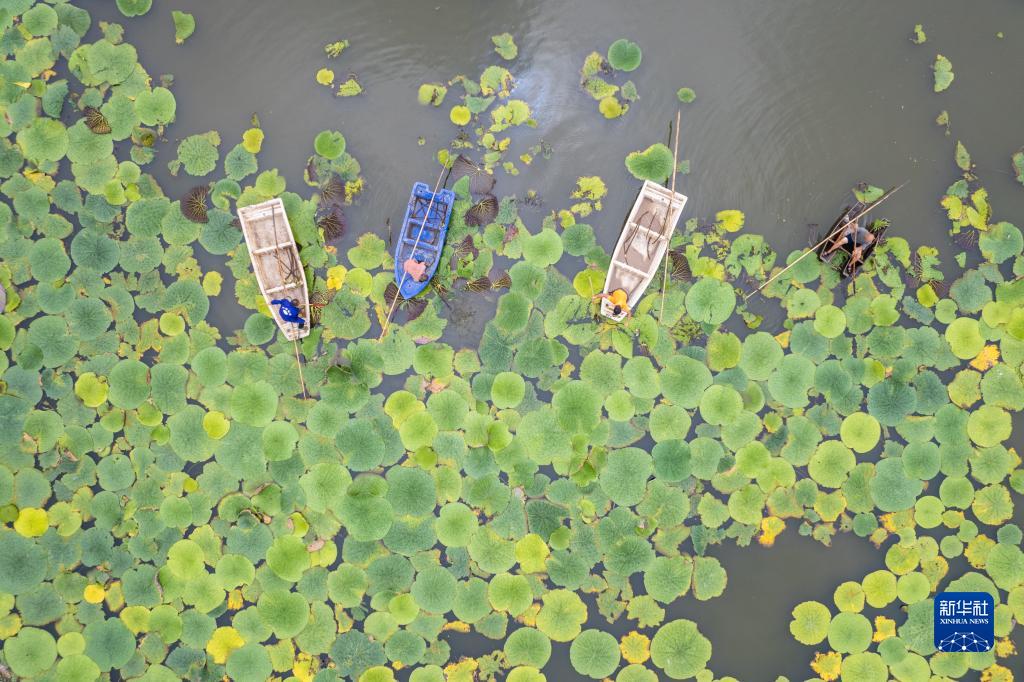 7月19日,在南縣麻河口鎮曹家鋪村,村民在采收芡實(shí)和芡實(shí)根莖(無(wú)人機照片)。
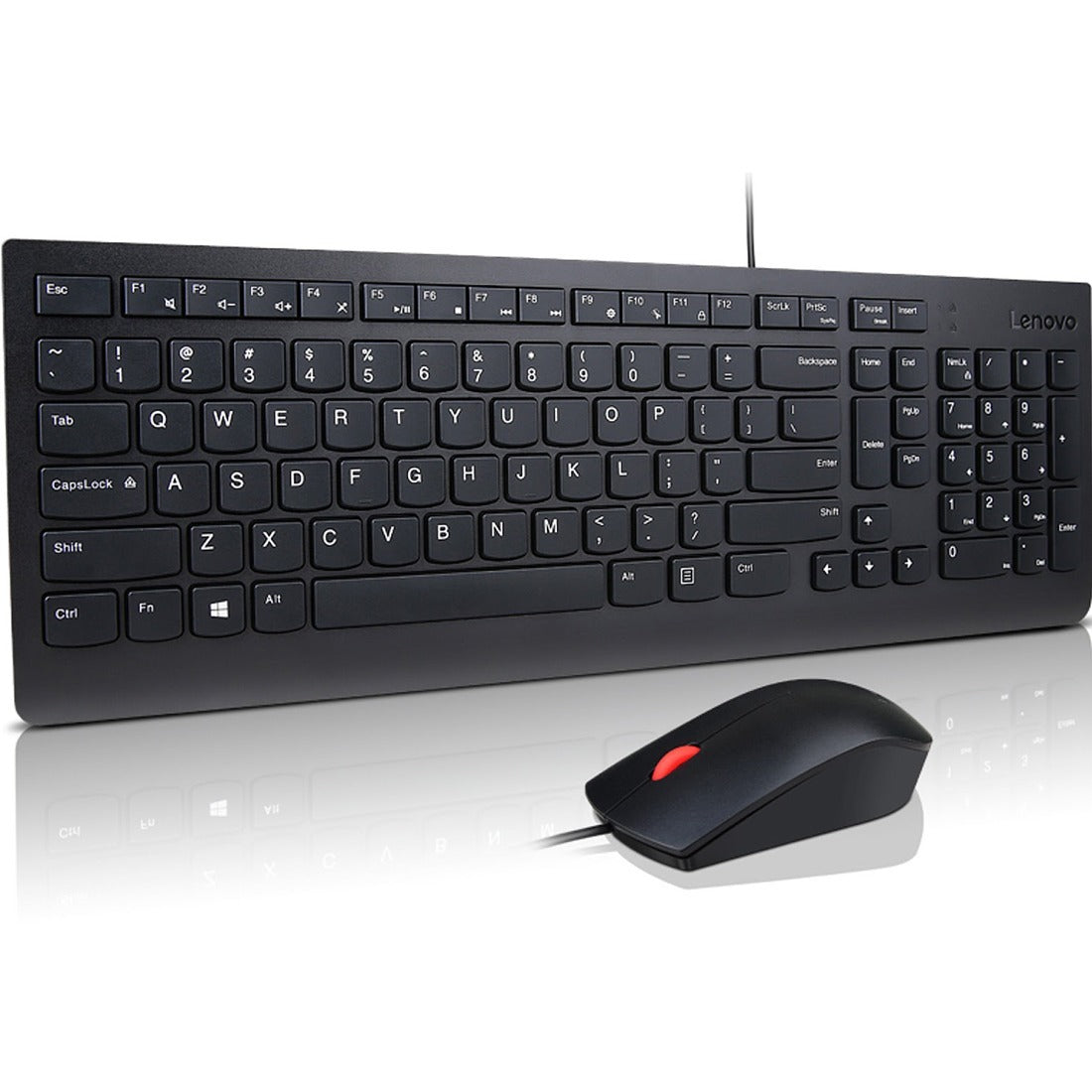 The Lenovo Essential Wired Combo keeps things uncomplicated. This durable keyboard and mouse plugs into any USB port with wired reliability you can count on. The tough waterproof membrane can handle accidental spills without risking performance. Enjoy feel-good typing with quiet keys and number pad in a modern space saving layout. An ergonomic full size mouse offers comfort and support for all day use. Increase your productivity as you smoothly complete tasks with the 1000dpi high resolution optical sensor.
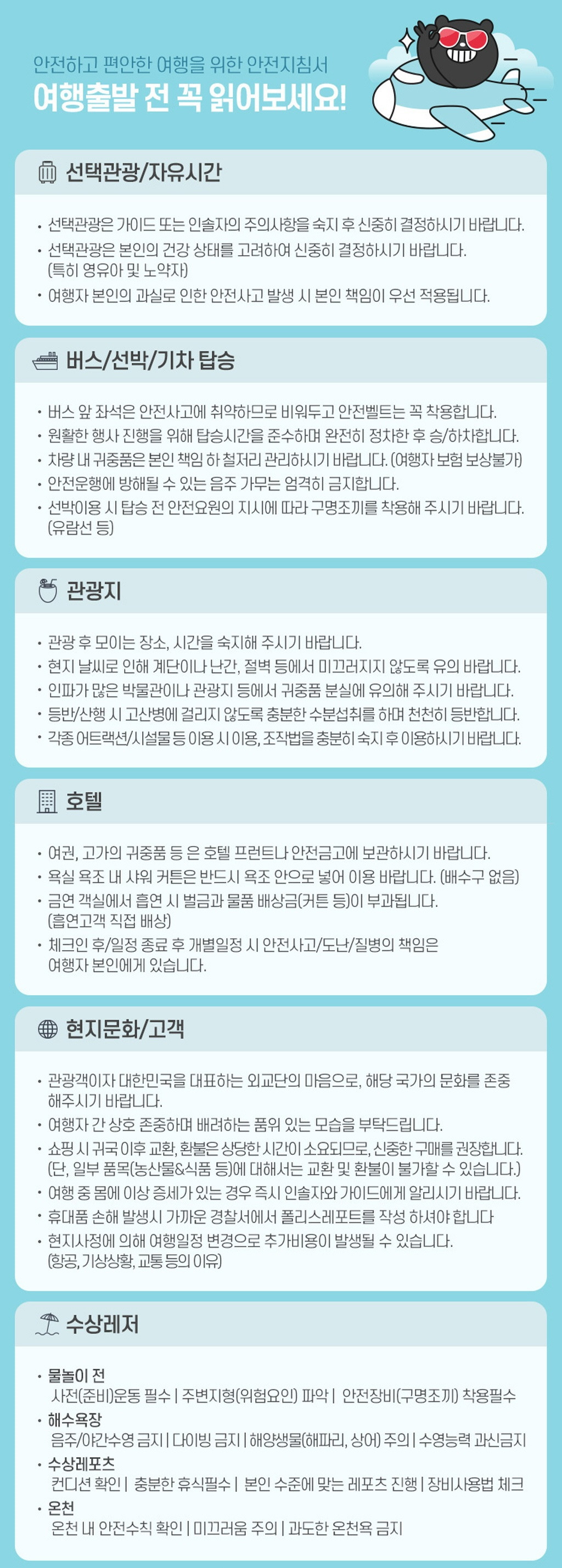 가이드 및 인솔자가 동반하지 않은 자유시간에 고객님의 안전을 위하여 현지 주의사항을 숙지하시고 고객님의 과실과 건강상태로 인하여 발생한 안전사고에
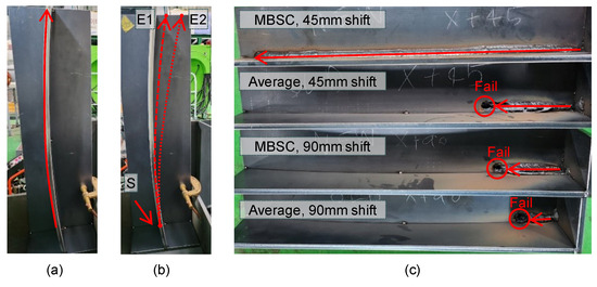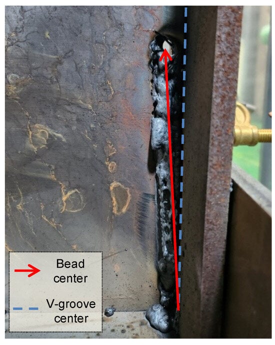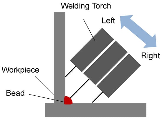 Figure 5 shows an instance where seam tracking has failed due to the previous reason. According to the formed bead shape, it can be seen that the torch fails to accurately recognize the V-groove center, which is the welding center line, and continues to be biased in one direction. This problem worsens as the welding progresses. As a result, the torch became biased and the welding ends as abnormal due to contact between the torch and the workpiece. The weaving-area-specific average feedback current values can show unpredictable values due to various environmental factors, such as the sampling cycle, sampling success rate, degree of curvature, gap size, and sensor accuracy. In other words, as in the example above, the existence of a gap in a curved workpiece or in workpieces with severe curvature means that the reliability of the area-specific average current values is reduced. Therefore, this study proposes a technique to correct the torch’s position more quickly and reliably through the detection of outliers in the feedback current values.
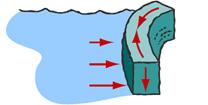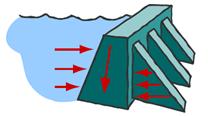 Water pushes against the buttress dam, but the buttresses push back and prevent
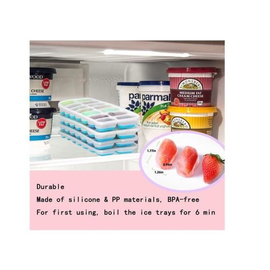 Certification LFGB et sans BPA., Passe au lave-vaisselle., Conseils : 1., N'utilisez pas de brosse métallique pour nettoyer ces bacs à glaçons., 2., Ne nettoyez pas les bacs à glaçons avec un détergent puissant au cas où ils seraient corrodés., 3., Gardez ces bacs à glaçons loin des sources de feu au cas où ils se déforment. Lot De 4 Bacs À Glaçons En Silicone Avec Crochet - 37 Compartiments Forme du cube : rectangulaire. Bac à Glacon Sans Bpa Lot De 4 Bacs à Glaçons Avec Couvercle Amovible Résistant Aux Déversements, Empilables, En Silicone Souple Avec Couvercles Pour Congélateur, Cocktails, Aliments, Chocolat, Café, Whisky Bac Glacon Bebe Diversification Dimensions du bac à glaçons : 25,4 x 10,2 x 3 cm. Que vous organisiez une fête à thème ou que vous souhaitiez simplement prendre un verre de café froid, le bac à glaçons fantaisie est d'une grande aide. Détails du produit : Contenu de l'emballage : lot de 4 bacs à glaçons, 4 couvercles Taille de la glace : 4,3 x 3 x 2,8 cm. Pourquoi choisir nos bacs à glaçons pour congélateur ? 1., Fabriqué à partir de silicone de qualité alimentaire et de matériaux PP, notre bac à glaçons garantit que tous vos besoins de congélation sont satisfaits., 2., Le haut du plateau maintient une structure en plastique ferme pour un transport sans déversement vers le congélateur, tandis que le fond intègre un design en silicone, assurant une libération transparente des glaçons chaque fois que vous en avez besoin., 3., Matériaux épais améliorés rendant les bacs à glaçons plus robustes et plus durables, pas de soucis de se casser facilement., 4., Avec une excellente flexibilité et résistance au froid, il est parfait pour faire des glaçons et diverses friandises glacées., 5., Le moule à glaçons est livré avec un couvercle amovible qui protège non seulement vos glaçons de toute odeur de congélateur, mais s'empilent également parfaitement les uns sur les autres., 6., Chaque lot comprend quatre plateaux, chacun capable de produire 14 cubes parfaitement dimensionnés (56 pièces au total), pour vous assurer que vous avez toujours des glaçons prêts., 7., En plus de faire des glaçons, ce bac à glaçons en silicone est également idéal pour congeler du jus, du café et d'autres boissons pour vous offrir une expérience rafraîchissante., 8., Après utilisation, il suffit de rincer le bac à glaçons à la main ou de le mettre au lave-vaisselle. Avec une excellente flexibilité et résistance au froid, il est parfait pour faire des glaçons et divers glaçons. Afin d'être plus pratique à utiliser des couvercles amovibles, chaque couvercle est conçu avec deux élévateurs de couvercle. Matériau : polypropylène et TPE (silicone) de qualité alimentaire. Si vous n'avez pas d'expérience positive sur nos bacs à glaçons, nous ferons tout ce qu'il faut pour nous assurer que vous êtes satisfait de votre achat. Chaque bac à glaçons produit 14 cubes parfaitement dimensionnés (pour un total de 56 pièces, soit 28,3 g), pour vous assurer d'avoir toujours de la glace pour diverses occasions comme les réunions de famille, les fêtes ou les installations de bar. En outre, ces bacs à glaçons en silicone pour congélateur avec couvercle peuvent être empilés facilement pour économiser de l'espace et garder votre congélateur propre et organisé tout en maximisant l'espace dans votre congélateur. Moules À Glaçons Géants Durables,2 Bacs À Glaçons,Ajoutez À Votre Set... Les matériaux épais améliorés rendent ces bacs à glaçons plus robustes et plus durables, pas de soucis de se casser facilement. 【Enlever les glaçons sans effort】 Libérer ces bacs à glaçons ne pourrait pas être plus facile, il suffit de pousser par le bas ou de tourner les moules à glaçons avec les deux mains, vous obtiendrez un seul cube pour votre café glacé ou l'ensemble du plateau pour refroidir un cocktail. Non seulement ce plateau fera des glaçons transparents, mais peut également ajouter des fruits, des cocktails, du vin, du whisky pour faire vos glaçons de différentes saveurs. Nous fournissons un service de retour et d'échange de 1 an.
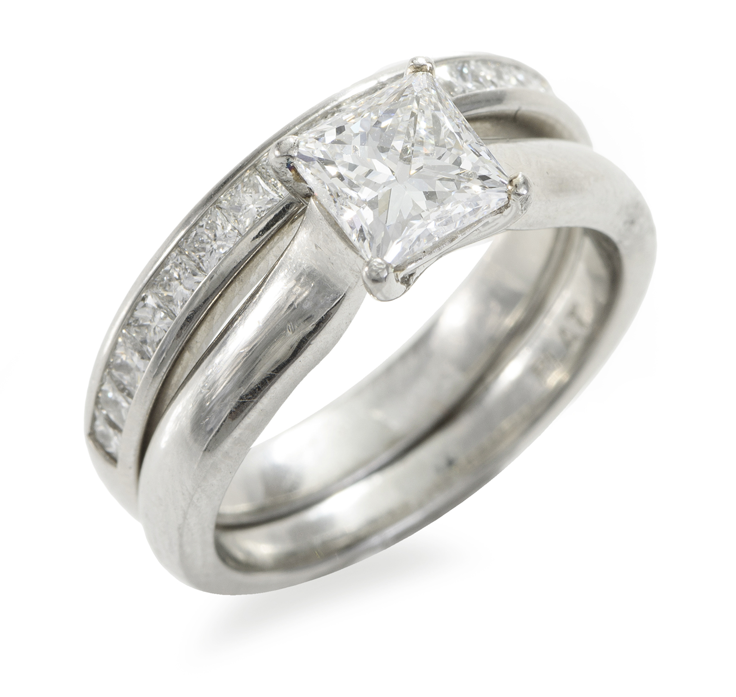 Comprising a square modified brilliant cut diamond of 1.02cts, accompanied by a princess cut diamond half hoop band totalling 0.25cts, both mounted in platinum, ring sizes K, accompanied by GIA diamond report number 1109681665 stating colour E and clarity VS1.
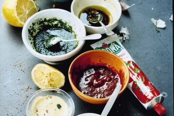 Marinad med tomat, vitlök och chili passar till att marinera både kött och kyckling.

Problem ▸ Write down exactly what the lines above say, from the line holding "Figure 5 shows" through the line holding "Water pushes against", and nothing more. Do not copy the pictures.

Solved exercise ▸
 Figure 5 shows an instance where seam tracking has failed due to the previous reason. According to the formed bead shape, it can be seen that the torch fails to accurately recognize the V-groove center, which is the welding center line, and continues to be biased in one direction. This problem worsens as the welding progresses. As a result, the torch became biased and the welding ends as abnormal due to contact between the torch and the workpiece. The weaving-area-specific average feedback current values can show unpredictable values due to various environmental factors, such as the sampling cycle, sampling success rate, degree of curvature, gap size, and sensor accuracy. In other words, as in the example above, the existence of a gap in a curved workpiece or in workpieces with severe curvature means that the reliability of the area-specific average current values is reduced. Therefore, this study proposes a technique to correct the torch’s position more quickly and reliably through the detection of outliers in the feedback current values.
 Water pushes against the buttress dam, but the buttresses push back and prevent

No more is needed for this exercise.